Exercise aim —
Please set down only the lines below starting with the line with "and durability. |" and going on through the line with "The weather took", verbatim and without pictures.

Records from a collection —

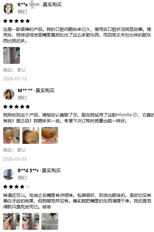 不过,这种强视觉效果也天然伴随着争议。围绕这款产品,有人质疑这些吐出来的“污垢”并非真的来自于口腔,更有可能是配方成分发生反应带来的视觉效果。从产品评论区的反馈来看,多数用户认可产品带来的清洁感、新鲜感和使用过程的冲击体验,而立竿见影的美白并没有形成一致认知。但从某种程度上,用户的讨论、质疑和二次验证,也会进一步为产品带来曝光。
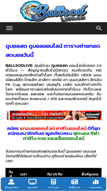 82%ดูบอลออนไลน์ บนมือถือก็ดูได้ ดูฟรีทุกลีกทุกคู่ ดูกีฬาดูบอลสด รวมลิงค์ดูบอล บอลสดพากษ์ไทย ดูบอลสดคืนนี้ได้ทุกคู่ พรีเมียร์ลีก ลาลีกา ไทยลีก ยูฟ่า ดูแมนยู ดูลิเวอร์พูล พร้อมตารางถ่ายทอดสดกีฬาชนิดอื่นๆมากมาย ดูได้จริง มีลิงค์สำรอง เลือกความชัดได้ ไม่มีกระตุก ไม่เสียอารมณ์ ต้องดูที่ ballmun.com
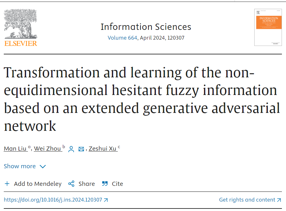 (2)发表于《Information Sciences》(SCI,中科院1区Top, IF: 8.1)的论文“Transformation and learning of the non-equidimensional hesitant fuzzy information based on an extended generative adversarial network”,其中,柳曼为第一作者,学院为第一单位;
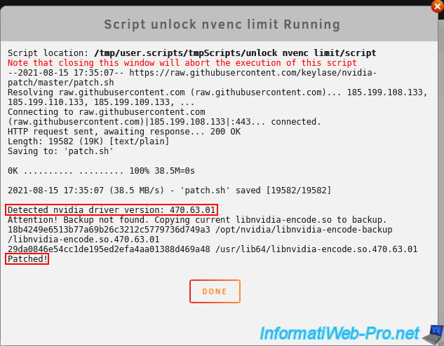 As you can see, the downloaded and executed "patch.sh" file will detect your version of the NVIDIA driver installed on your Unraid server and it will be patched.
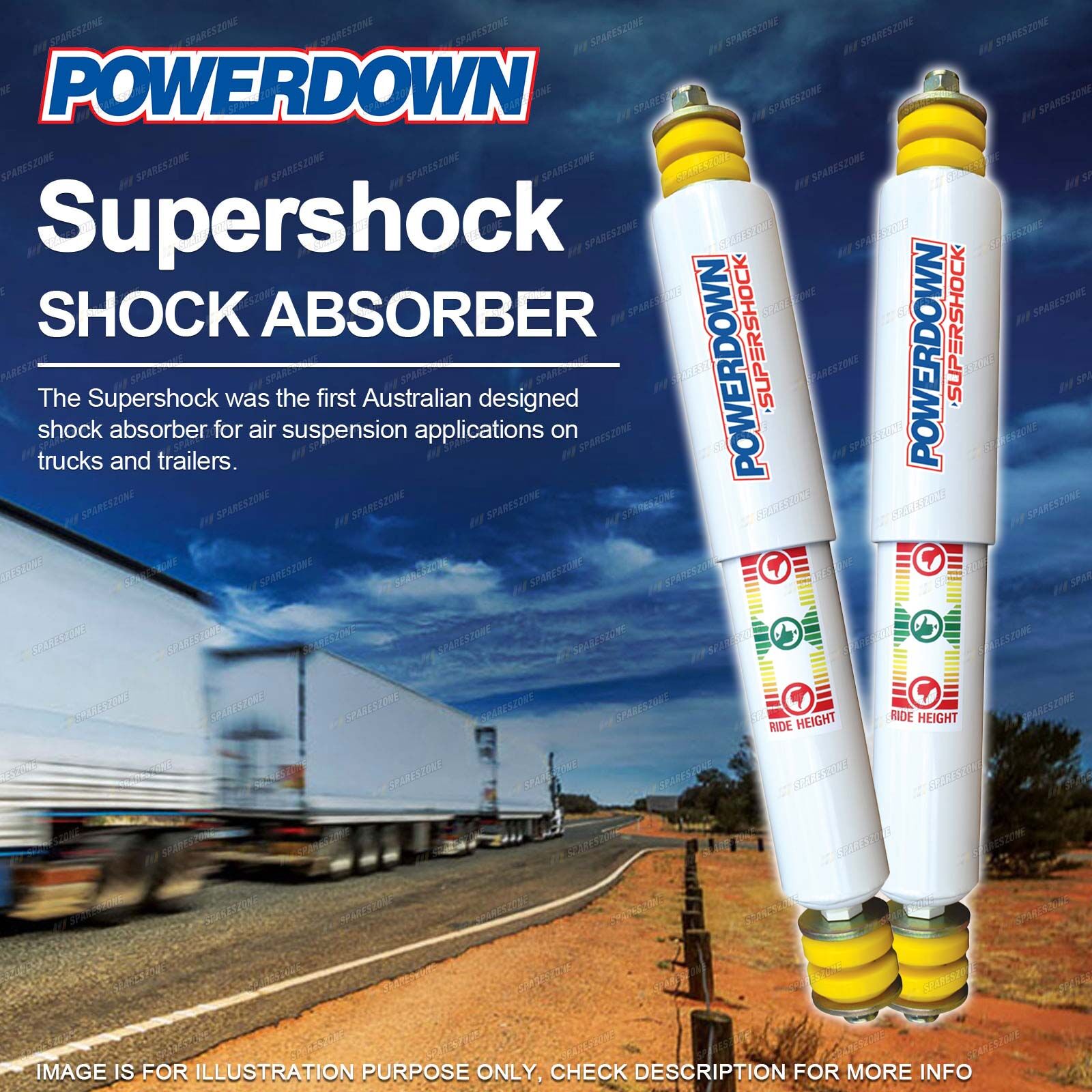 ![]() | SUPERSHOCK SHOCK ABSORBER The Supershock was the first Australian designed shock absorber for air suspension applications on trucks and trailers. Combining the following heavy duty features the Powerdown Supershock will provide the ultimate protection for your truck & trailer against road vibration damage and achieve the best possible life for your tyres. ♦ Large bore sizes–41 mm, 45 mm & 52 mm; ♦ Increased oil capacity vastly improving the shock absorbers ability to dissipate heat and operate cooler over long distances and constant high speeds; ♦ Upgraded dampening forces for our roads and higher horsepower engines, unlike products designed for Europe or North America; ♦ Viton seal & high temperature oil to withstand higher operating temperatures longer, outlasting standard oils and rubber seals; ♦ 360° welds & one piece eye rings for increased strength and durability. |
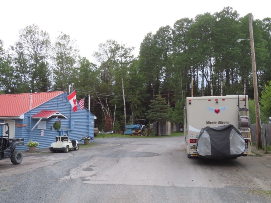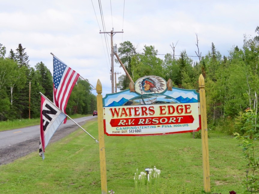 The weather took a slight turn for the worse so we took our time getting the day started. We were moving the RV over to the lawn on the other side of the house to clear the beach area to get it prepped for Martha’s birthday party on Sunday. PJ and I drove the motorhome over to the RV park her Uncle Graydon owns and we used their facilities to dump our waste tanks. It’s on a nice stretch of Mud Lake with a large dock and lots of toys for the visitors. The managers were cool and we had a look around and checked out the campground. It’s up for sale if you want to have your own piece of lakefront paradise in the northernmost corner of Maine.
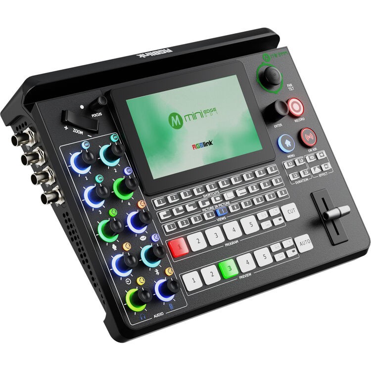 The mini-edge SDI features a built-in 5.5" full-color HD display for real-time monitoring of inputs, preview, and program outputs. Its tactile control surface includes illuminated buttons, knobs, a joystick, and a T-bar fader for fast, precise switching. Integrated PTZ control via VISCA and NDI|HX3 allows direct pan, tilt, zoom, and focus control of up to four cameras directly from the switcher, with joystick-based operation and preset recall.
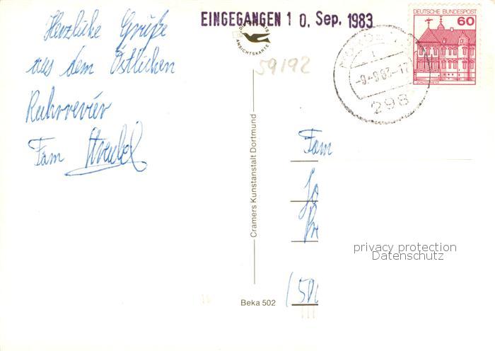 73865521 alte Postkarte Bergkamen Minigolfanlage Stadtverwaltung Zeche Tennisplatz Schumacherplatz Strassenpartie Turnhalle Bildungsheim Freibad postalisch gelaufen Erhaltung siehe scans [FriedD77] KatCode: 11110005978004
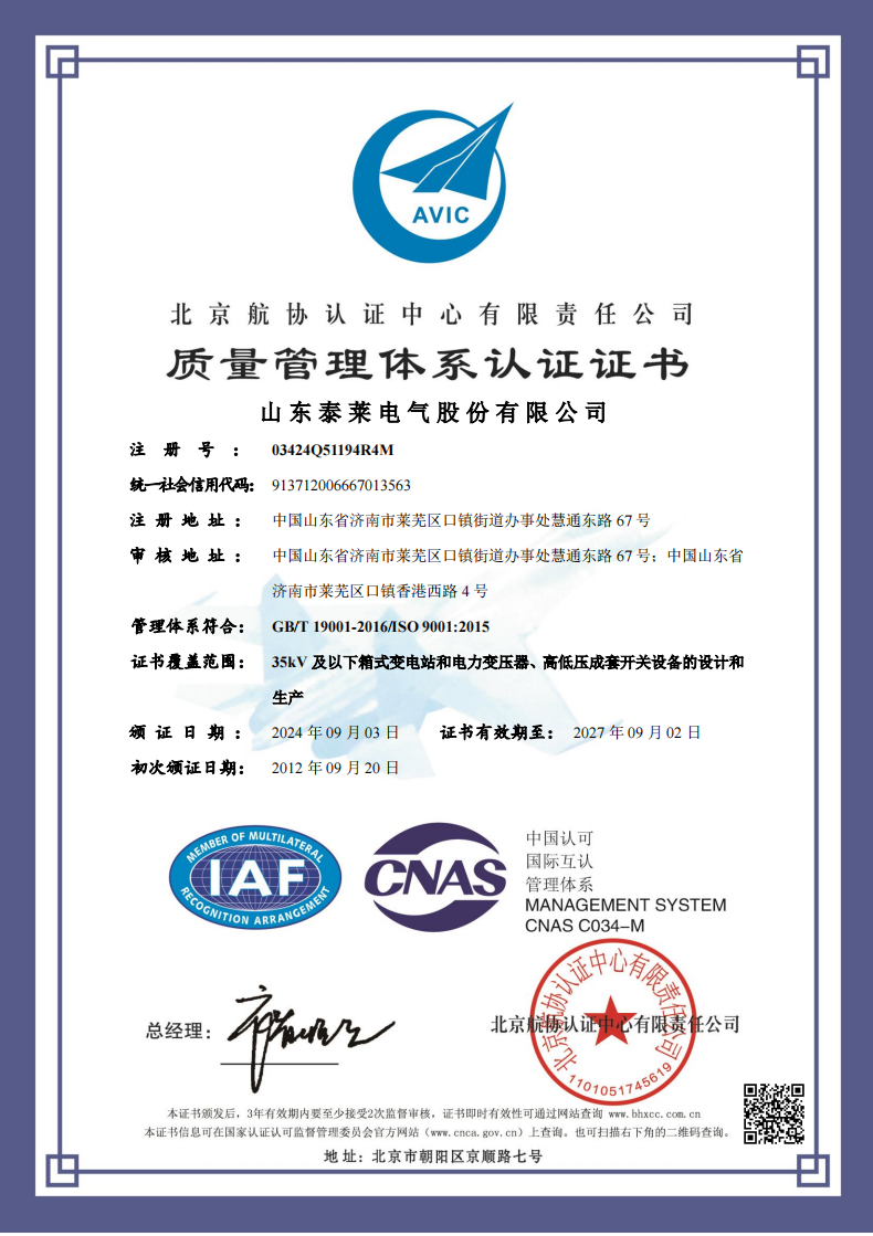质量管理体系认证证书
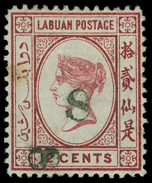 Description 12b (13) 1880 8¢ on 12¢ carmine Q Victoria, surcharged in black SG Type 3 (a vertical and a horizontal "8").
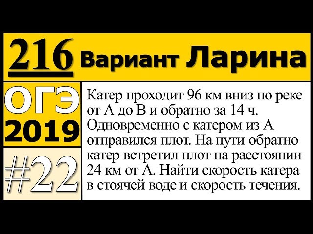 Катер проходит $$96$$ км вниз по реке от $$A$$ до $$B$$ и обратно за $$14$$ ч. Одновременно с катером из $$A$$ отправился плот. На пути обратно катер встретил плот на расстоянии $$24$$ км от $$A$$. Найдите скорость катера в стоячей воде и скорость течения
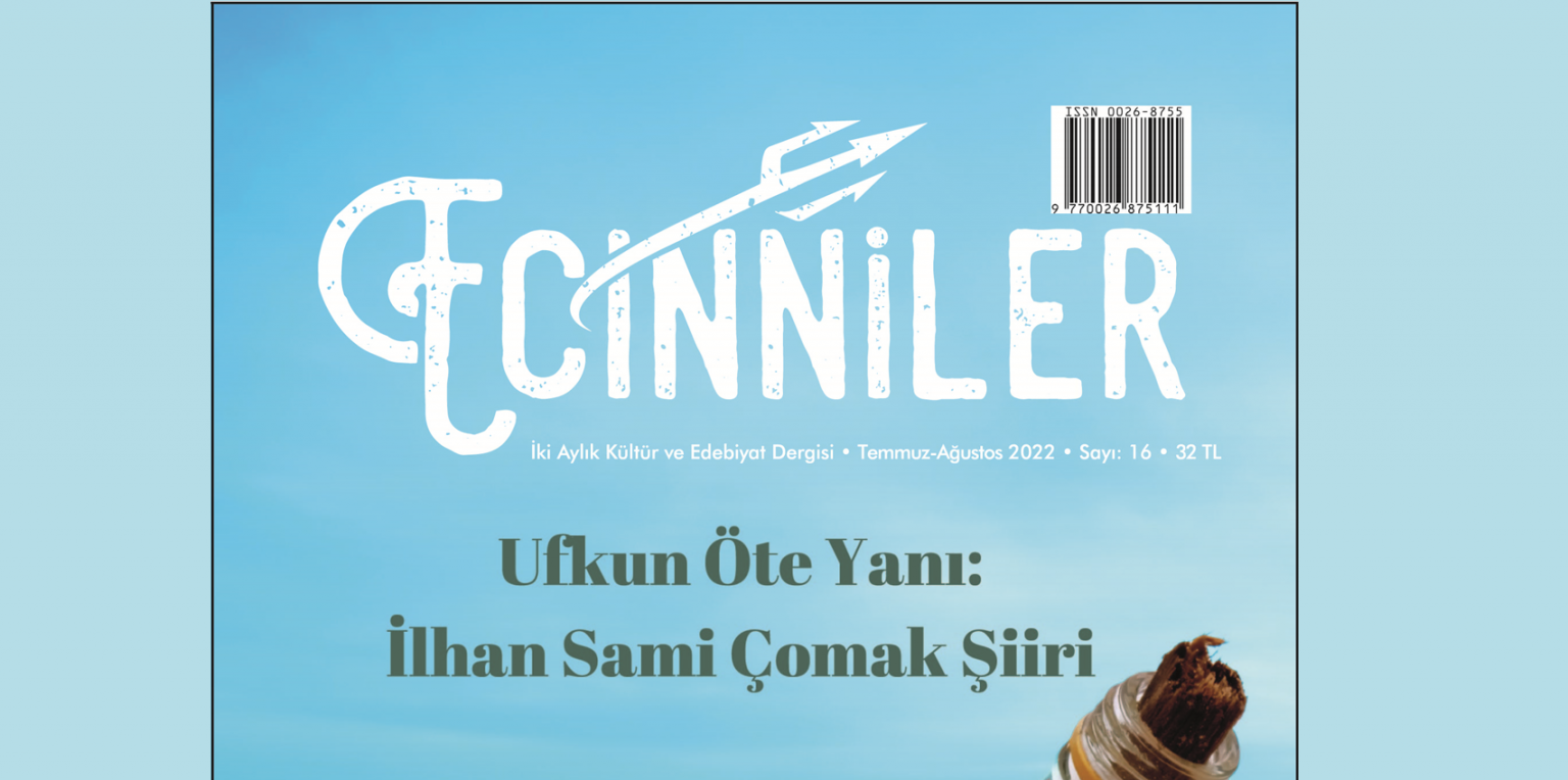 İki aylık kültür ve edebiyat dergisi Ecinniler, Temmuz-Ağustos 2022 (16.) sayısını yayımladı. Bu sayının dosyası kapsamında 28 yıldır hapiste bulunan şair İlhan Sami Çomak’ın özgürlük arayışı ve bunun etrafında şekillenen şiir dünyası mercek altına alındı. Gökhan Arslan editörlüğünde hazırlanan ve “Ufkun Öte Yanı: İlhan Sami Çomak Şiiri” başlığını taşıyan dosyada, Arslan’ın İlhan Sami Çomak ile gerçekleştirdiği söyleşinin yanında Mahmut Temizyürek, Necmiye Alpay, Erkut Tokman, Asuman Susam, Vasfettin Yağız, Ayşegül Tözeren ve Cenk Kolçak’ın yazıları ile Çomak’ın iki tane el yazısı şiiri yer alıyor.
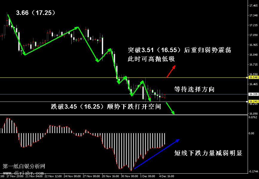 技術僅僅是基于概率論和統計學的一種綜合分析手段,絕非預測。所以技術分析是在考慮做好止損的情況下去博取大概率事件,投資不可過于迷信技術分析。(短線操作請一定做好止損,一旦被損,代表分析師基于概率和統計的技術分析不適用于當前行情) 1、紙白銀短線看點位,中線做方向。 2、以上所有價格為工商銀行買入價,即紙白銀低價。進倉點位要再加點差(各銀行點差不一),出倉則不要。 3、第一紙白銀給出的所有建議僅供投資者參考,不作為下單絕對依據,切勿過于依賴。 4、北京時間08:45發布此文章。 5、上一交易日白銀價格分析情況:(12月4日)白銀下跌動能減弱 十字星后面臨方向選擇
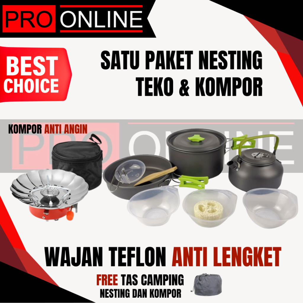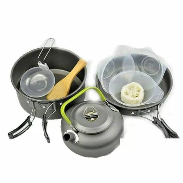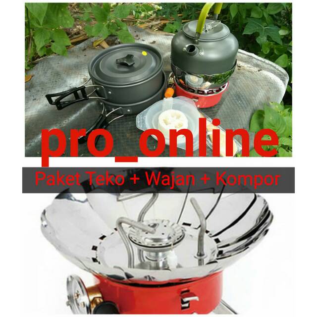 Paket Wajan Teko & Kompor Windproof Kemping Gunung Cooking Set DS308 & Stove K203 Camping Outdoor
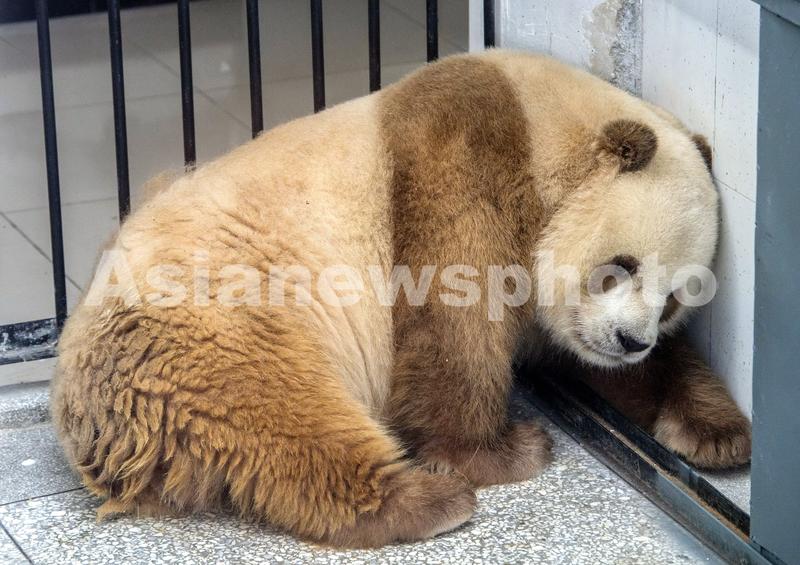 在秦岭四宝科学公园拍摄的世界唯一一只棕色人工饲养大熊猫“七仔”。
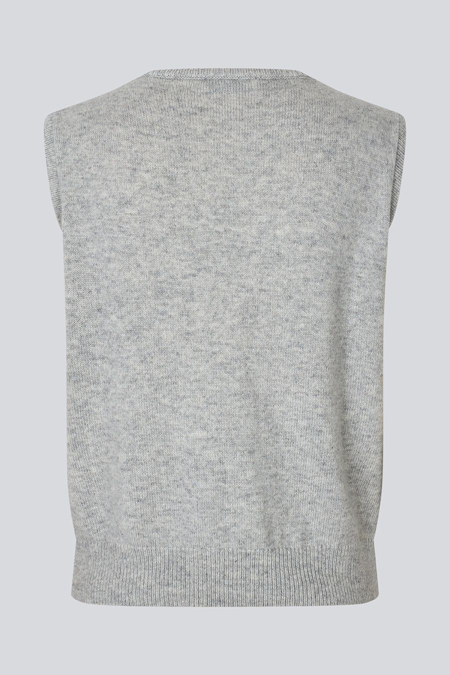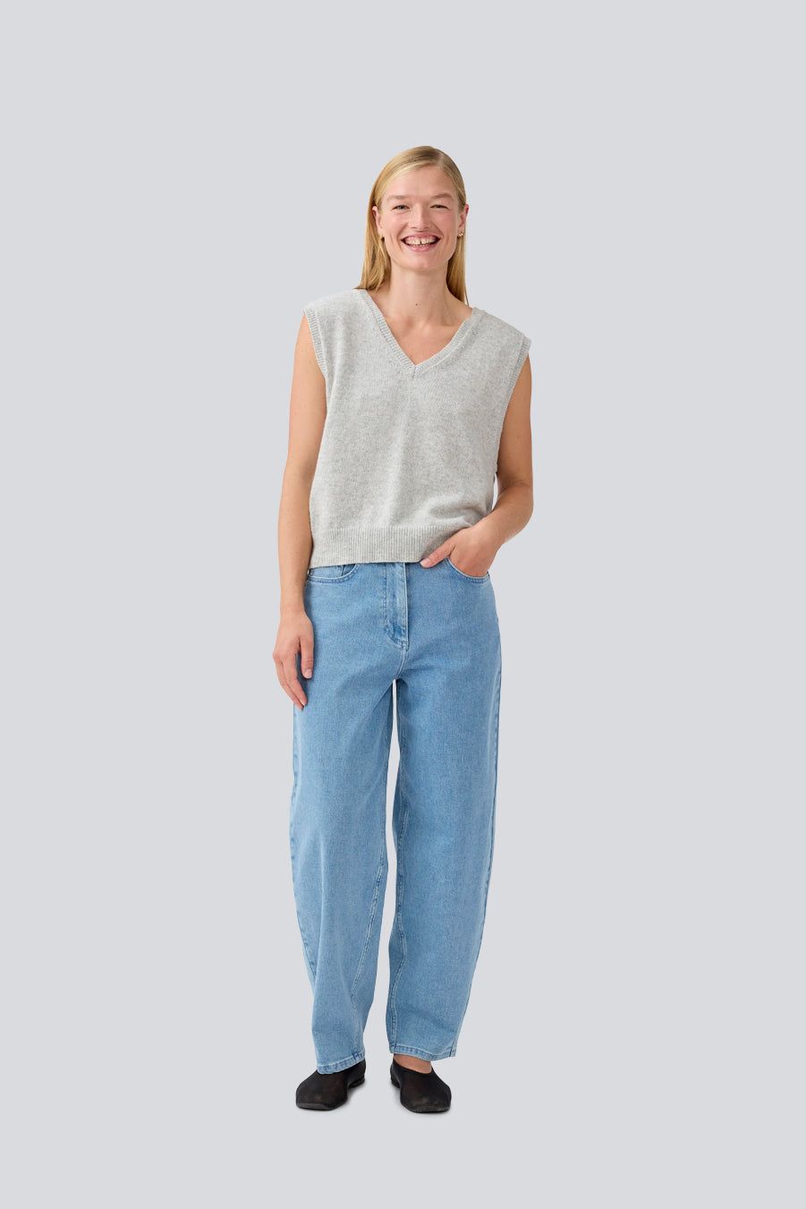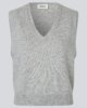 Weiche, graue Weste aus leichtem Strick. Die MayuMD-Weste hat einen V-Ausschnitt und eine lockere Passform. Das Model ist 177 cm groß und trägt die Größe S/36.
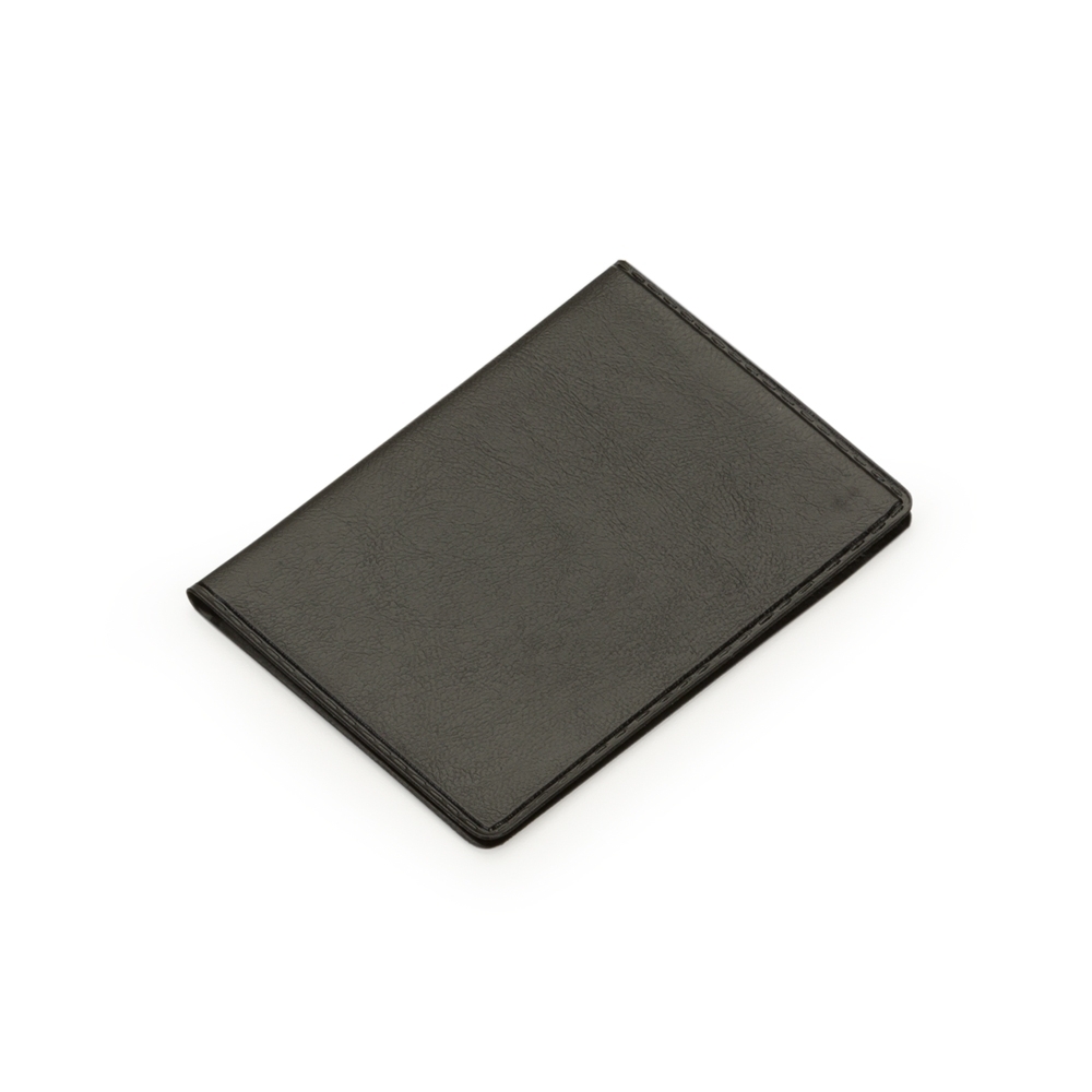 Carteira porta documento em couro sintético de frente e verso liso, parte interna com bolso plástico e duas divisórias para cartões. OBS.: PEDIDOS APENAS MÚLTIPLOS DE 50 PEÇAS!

Exercise response —
 ![]() | SUPERSHOCK SHOCK ABSORBER The Supershock was the first Australian designed shock absorber for air suspension applications on trucks and trailers. Combining the following heavy duty features the Powerdown Supershock will provide the ultimate protection for your truck & trailer against road vibration damage and achieve the best possible life for your tyres. ♦ Large bore sizes–41 mm, 45 mm & 52 mm; ♦ Increased oil capacity vastly improving the shock absorbers ability to dissipate heat and operate cooler over long distances and constant high speeds; ♦ Upgraded dampening forces for our roads and higher horsepower engines, unlike products designed for Europe or North America; ♦ Viton seal & high temperature oil to withstand higher operating temperatures longer, outlasting standard oils and rubber seals; ♦ 360° welds & one piece eye rings for increased strength and durability. |
 The weather took a slight turn for the worse so we took our time getting the day started. We were moving the RV over to the lawn on the other side of the house to clear the beach area to get it prepped for Martha’s birthday party on Sunday. PJ and I drove the motorhome over to the RV park her Uncle Graydon owns and we used their facilities to dump our waste tanks. It’s on a nice stretch of Mud Lake with a large dock and lots of toys for the visitors. The managers were cool and we had a look around and checked out the campground. It’s up for sale if you want to have your own piece of lakefront paradise in the northernmost corner of Maine.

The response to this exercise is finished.